What you'll be able to do
- Write a job description that's specific, inclusive, and free of coded language
- Build boolean and sourcing strings faster, then refine them by hand
- Summarize a resume or screen against the same criteria every time
- Draft candidate outreach that sounds human, not like a mass template
- Spot and remove biased language from JDs, notes, and outreach
Inside the path
A focused set of five-minute lessons — each one ends with a hands-on exercise, not a quiz you can guess.
Job descriptions that attract the right people 6 min
Turn a hiring manager's rough intake into a clear, inclusive JD with real must-haves.
Boolean and sourcing, faster 5 min
Use AI to draft and expand search strings, then tighten them with your own judgment.
Fair candidate summaries 5 min
Summarize resumes and screens against consistent criteria so comparisons stay honest.
Outreach in a human voice 5 min
Write personalized candidate messages that reference their real work — not a mail merge.
Reducing bias with AI 5 min
Prompt the model to flag coded or exclusionary language and keep a human in every decision.
Try a sample exercise
This is the kind of card you'd practice inside Iro — you do the thinking, then get feedback.
◆ Sample exercise · Prompt practice
You've just finished a phone screen and need to summarize the candidate for the hiring team.

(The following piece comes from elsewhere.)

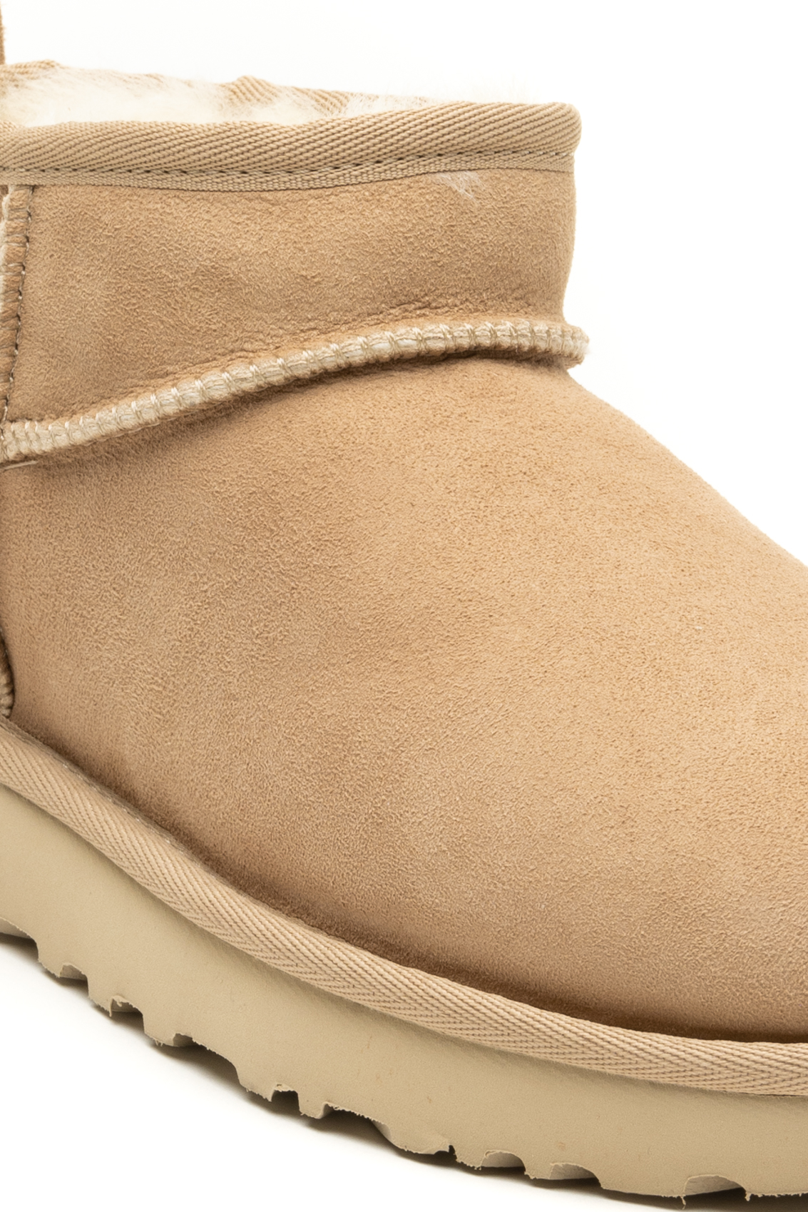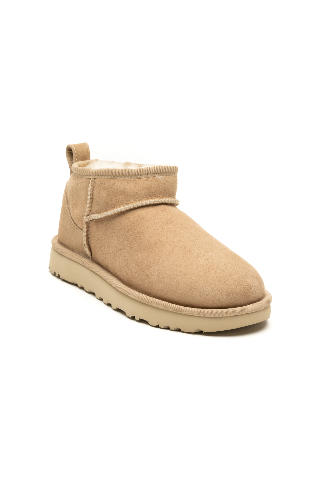 Il modello Classic Ultra Mini è caratterizzato da una silhouette a basso profilo che lo rende facile da indossare e da abbinare a vari outfit. Sono dotati di una comoda linguetta posteriore per indossarli e toglierli facilmente. Sono realizzati in pelle scamosciata di alta qualità, dotati di una morbida fodera in peluche che ne aumenta il comfort generale.

You want AI to write the summary, but you're worried about slipping in bias or making the model 'decide' whether the person is a fit.
Your task: Pick the prompt that gives you a fair, useful candidate summary.
- "Summarize this candidate and tell me if we should hire them."
- "Here are my screen notes: [paste]. Summarize this candidate against these five criteria only: [list the role's must-haves]. For each criterion, quote or paraphrase the evidence from my notes and mark it Met / Partial / Not covered. Do not infer anything I didn't write, do not comment on age, gender, school prestige, or 'culture fit,' and flag where I have too little information to judge."
- "Write a summary of this candidate and score them out of 10 on overall quality."
- "Read this resume and tell me if this person seems like a good culture fit."
See why the second prompt wins
The winning prompt keeps the human in charge and hiring fair. It sets clear role context and criteria (the five must-haves), demands evidence tied to your actual notes rather than invented inference, uses a consistent structured output (Met / Partial / Not covered) so every candidate is judged the same way, and explicitly bans biased signals like age, school prestige, and vague "culture fit." The losing options ask the model to decide, score, or judge fit — which bakes in bias and outsources a decision that must stay with a person. In Iro you'd write your own version and get feedback on whether it's genuinely fair or quietly biased.
Where AI helps recruiters — and where it must not
AI is genuinely good at the writing-and-summarizing half of recruiting: drafting job descriptions, expanding boolean strings, condensing resumes, and turning screen notes into a readable summary. Used well, it can hand a recruiter back the hours that used to disappear into a blank page and a copy-paste search.
What it must not do is make the hiring decision. The moment you ask a model to score a candidate, judge "culture fit," or rank people, you've handed a high-stakes, legally sensitive call to a system that pattern-matches on its training data — which is exactly where bias creeps in. The rule that keeps you safe: AI drafts and summarizes against criteria you set; a human decides.
The recruiter's AI toolkit, without the bias
- Job descriptions: turn a messy intake into a clear, inclusive JD — then ask the model to flag coded or exclusionary language like "rockstar" or "digital native."
- Sourcing: draft and expand boolean strings and search variations, then tighten them with your own knowledge of the market.
- Candidate summaries: summarize resumes and screens against the same fixed criteria every time, with evidence, so comparisons stay honest.
- Outreach: personalized messages that reference a candidate's real work, written in a human voice instead of a mail-merge template.
Give the model context and explicit fairness instructions, keep every summary tied to evidence, and verify before anything reaches a candidate or a hiring manager.